2910e15 verified 3 months ago

5.43 kB

	---
	base_model:
	- unsloth/llama-2-7b-bnb-4bit
	- hermeschen1116/response_generator_for_emotion_chat_bot
	library_name: peft
	license: apache-2.0
	datasets:
	- Shotaro30678/rlhf-RG-trl-style-v3
	tags:
	- trl
	- unsloth
	language:
	- en
	pipeline_tag: text-generation

	---
	# Response Generator for [Emotion Chat Bot](https://github.com/hermeschen1116/chat-bot)


	## Model description

	This model is a dpo fine-tuned version of [hermeschen1116/response_generator_for_emotion_chat_bot](https://huggingface.co/hermeschen1116/response_generator_for_emotion_chat_bot) on [Shotaro30678/rlhf-RG-trl-style-v3](https://huggingface.co/datasets/Shotaro30678/rlhf-RG-trl-style-v3), self modified version of [daily_dialog](li2017dailydialog/daily_dialog).

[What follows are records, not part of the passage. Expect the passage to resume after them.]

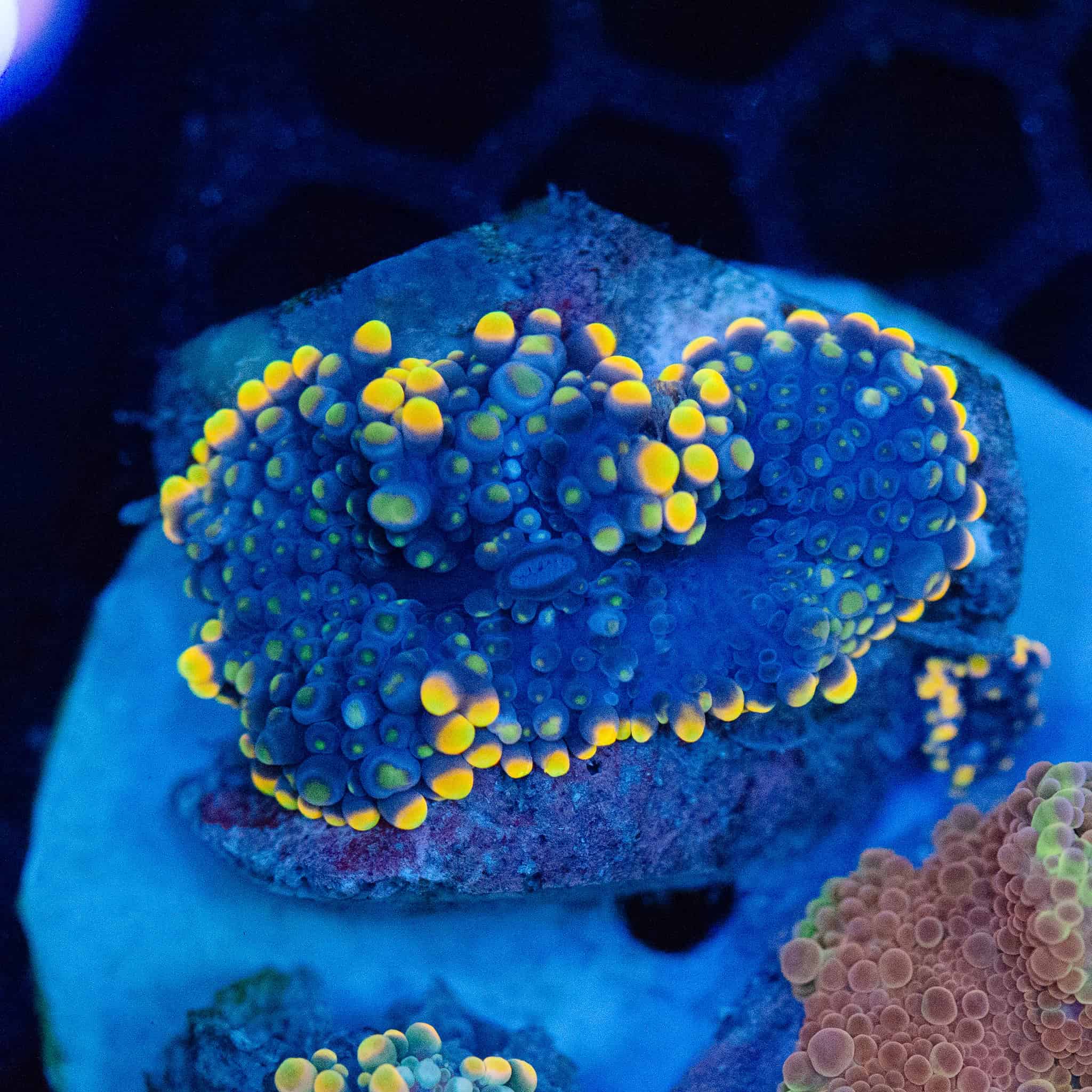Each polyp brings something different to the scape โ from the almost velvety look of the larger heads to the crisp pop of the smaller, neon-tipped yumas. Whether you’re building out a soft coral zone or adding texture to an LPS mix, this piece offers instant impact.
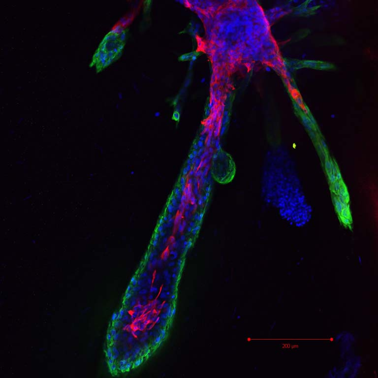 It is very difficult to study the human mammary gland, and although mouse models are widely used in research they do not provide a very accurate depiction of the human mammary gland. We have developed a model in which human mammary cells placed in collagen form structures resembling the mammary gland in vivo (organoids). These organoids were stained with markers specific to different cell types typically seen in the mammary gland. In these images one can see a distinct separation of an outer and inner layer of cells. The organization of these different cell types in the organoids mimicked what is observed in the human mammary gland.
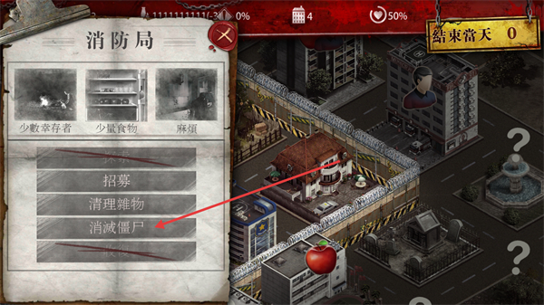 1、在消防局界面選擇【消滅僵尸】選項,可清理區域內僵尸,提升場景安全性,推進游戲進程。
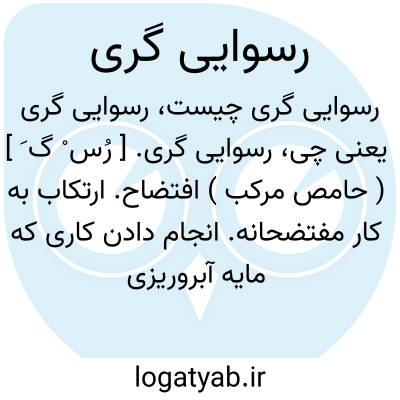 رسوایی گری. [ رُس ْ گ َ ] ( حامص مرکب ) افتضاح. ارتکاب به کار مفتضحانه. انجام دادن کاری که مایه آبروریزی است. ( از یادداشت مؤلف ).
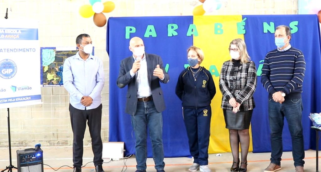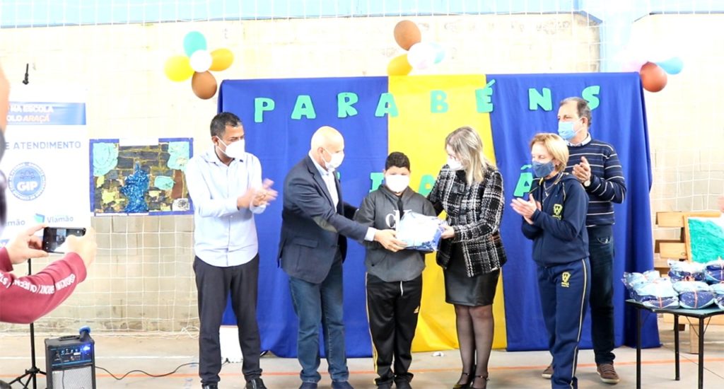 Na Escola Municipal Araçá, e igualmente nas demais escolas de Viamão, foi realizado a 5º edição da entrega de kits de alimentação e também o início das entregas dos uniformes escolares, que serão distribuídos aos cerca de 26 mil alunos, de todas as 62 escolas da rede municipal, contendo para os estudantes de 6º ao 9º anos: camisetas manga curta e manga longa e jaqueta de nylon, e para os estudantes da Educação Infantil e dos 1º ao 5º anos: camisetas manga curta e manga longa, jaqueta de nylon, abrigo completo (calça e casaco com zíper), bermuda (meninos) e legging (meninas).
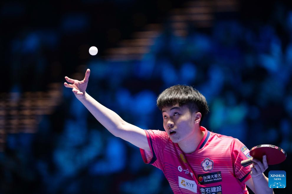 Lin Yun-ju of Chinese Taipei hits a return during the men's singles match against Matsushima Sora of Japan at the ITTF World Cup Macao 2024 at Galaxy Arena in Macao, China, April 17, 2024. (Xinhua/Cheong Kam Ka)
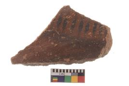 | Description / विवरण | Specimen of black on red ware with black decorative Vertical lines between horizontal lines geometric painting. |
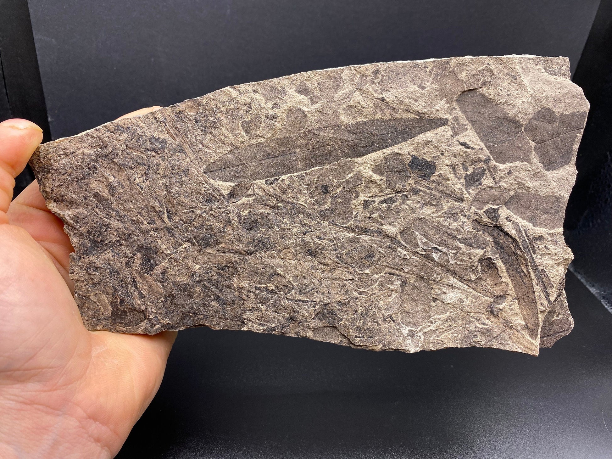 These amazing self-collected fossilized leaves are from the Late Eocene - Early Oligocene time period. There is some debate on which formation they are coming from as we are finding mixed information from different geologic surveys and maps. These leaf fossils are from the beautiful State of Washington. We believe these fossils are 33 million - 23 million years old. There is going to be further research done on these to identify and confirm the species. If purchased before we get species identification from a paleobotanist, we will message the buyer with the correct ID but for now, the species is undetermined. On this slab in particular, there are a lot of different kinds of fossil flora. Atleast 3 different types of leaves and some other plant material. We believe the species of the most prominent fossil is a willow leaf from millions of years ago.

	## Intended uses & limitations

	Use dpo trainer to do the RLHF so that the model can be more precise and consistent.

	## Model performance

	### Model Comparison

	Sentiment Score:
	[Shotaro30678/emotion_text_classifier_on_dd_v1](https://huggingface.co/Shotaro30678/emotion_text_classifier_on_dd_v1)

	\| Metric \| DPO Trained Model \| SFT Model (Reference) \|
	\|--------------\|-----------------------\|---------------------------\|
	\| Accuracy \| 0.851 \| 0.788 \|
	\| F1-score \| 0.8564 \| 0.7975 \|

	Gibberish Distribution:
	[madhurjindal/autonlp-Gibberish-Detector-492513457](https://huggingface.co/madhurjindal/autonlp-Gibberish-Detector-492513457)

	\| Category \| DPO Trained Model \| SFT Model (Reference) \|
	\|---------------------\|-----------------------\|---------------------------\|
	\| Clean \| 882 \| 898 \|
	\| Mild Gibberish \| 94 \| 58 \|
	\| Word Salad \| 21 \| 33 \|
	\| Noise \| 3 \| 11 \|

	Cut-Off Output:

	\| Output Type \| DPO Trained Model \| SFT Model (Reference) \|
	\|---------------------\|-----------------------\|---------------------------\|
	\| Complete Output \| 985 \| 975 \|
	\| Incomplete Output \| 15 \| 25 \|

	on [hermeschen1116/daily_dialog_for_RG](https://huggingface.co/datasets/hermeschen1116/daily_dialog_for_RG) test split.

	test on config:
	```python
	generation_config = GenerationConfig(
	max_new_tokens=150,
	min_new_tokens=5,
	repetition_penalty=1.1,
	top_k=3,
	top_p=0.9,
	pad_token_id=tokenizer.pad_token_id,
	eos_token_id=tokenizer.eos_token_id,
	temperature=1.0,
	do_sample=True,
	num_beams=1
	)
	```
	## Training procedure

	### Training hyperparameters

	The following hyperparameters were used during training:
	- beta=0.1,
	- remove_unused_columns=False,
	- num_train_epochs=3,
	- gradient_checkpointing=True

	others remain default

	### Framework versions

	- Bitsandbytes 0.43.1
	- Datasets 2.20.0
	- PEFT 0.11.1
	- Pytorch 2.3.0+cu121
	- Transformers 4.42.4
	- Tokenizers 0.19.1
	- Trl 0.8.6
	- unsloth 2024.7 0f2e484

	# Uploaded model

	- Developed by: Shotaro30678
	- Finetuned from model : hermeschen1116/response_generator_for_emotion_chat_bot

	This llama model was trained 2x faster with [Unsloth](https://github.com/unslothai/unsloth) and Huggingface's TRL library.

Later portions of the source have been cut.